BOSTON System failures cause by poorly written software code are the result of "benign negligence," according to Jack Ganssle, keynoter at the Embedded Systems Conference here on Tuesday (Sept 16).
Ganssle blamed the failures on three phenomena: engineers build bad code; software is inherently problematic; and there is a fundamental disconnect between an engineer writing code and management's pressure to ship before it is ready.
Ganssle recited a litany of failures caused by lessons unlearned which have caused everthing from minor inconveniences to injury and death. He urged engineers to "program defensively."
Many failures cited by Ganssle were caused by faulty embedded software that brought down aircraft. In two space missions, Clementine and NEAR, errors learned in the first were repeated in the second. "In both cases, a glitch in a sequence of events caused all the fuel of the thrusters to be dumped all because of insufficient testing and the need to meet unreasonable schedules," said Ganssle.
In fact, NASA has mapped mission schedules against their complexity. The result has been more complex systems that have a tendency to fail under tighter schedules. "The recent launch of one of the most complex Mars exploration vehicles went without a glitch [but] I'm holding my breadth for its success", said Ganssle.
Ganssle cited a report on growing pacemaker recalls from 1990 to 2000. "The scary part is that for the last half of the decade, the results became worse. And some of these pacers have killed people."
Ganssle is a veteran embedded system designer with about 150 projects under his belt, including a White House security system and other classified government projects. "No system is perfect, but we as an industry need to concentrate on learning from our failures, sharing those failures with others and applying better solutions to the next project."
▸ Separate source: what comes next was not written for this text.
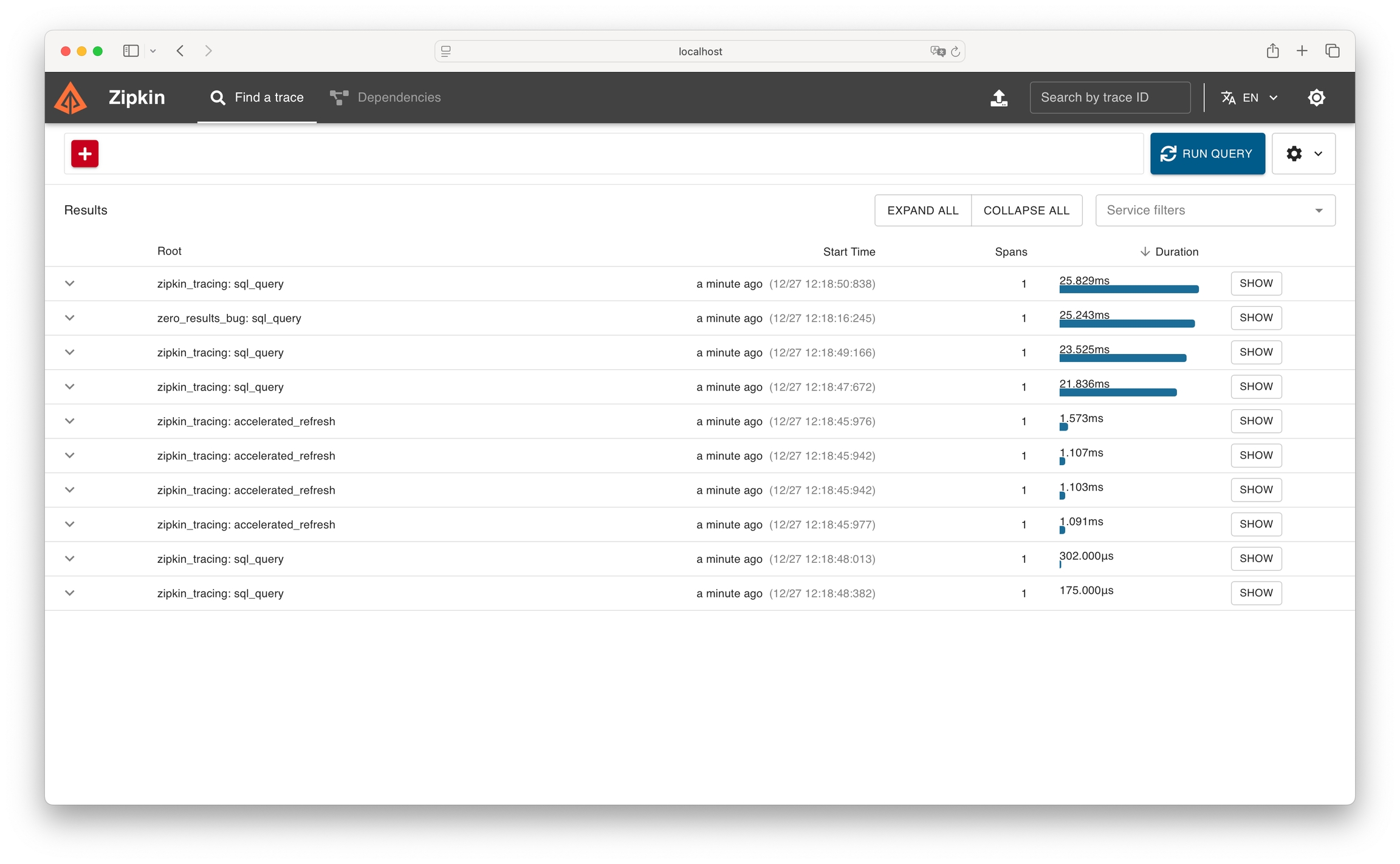 In addition to the built-in runtime.task_history SQL table, Spice can export the observability traces it collects into Zipkin.

A level of acceptable risk must also be considered, Ganssle said. The August blackout was not a failure, in Ganssle's eyes. "When you have a mean-time-between failures (MTBF) of 25 years, that's pretty good. Stressed systems will fail, and you need to design for the expected MTBF. But the failures are not appreciated by the general public."
The Embedded Systems Conference runs through Thursday (Sept. 18). Conference organizers said attendance was up 20 percent over last year.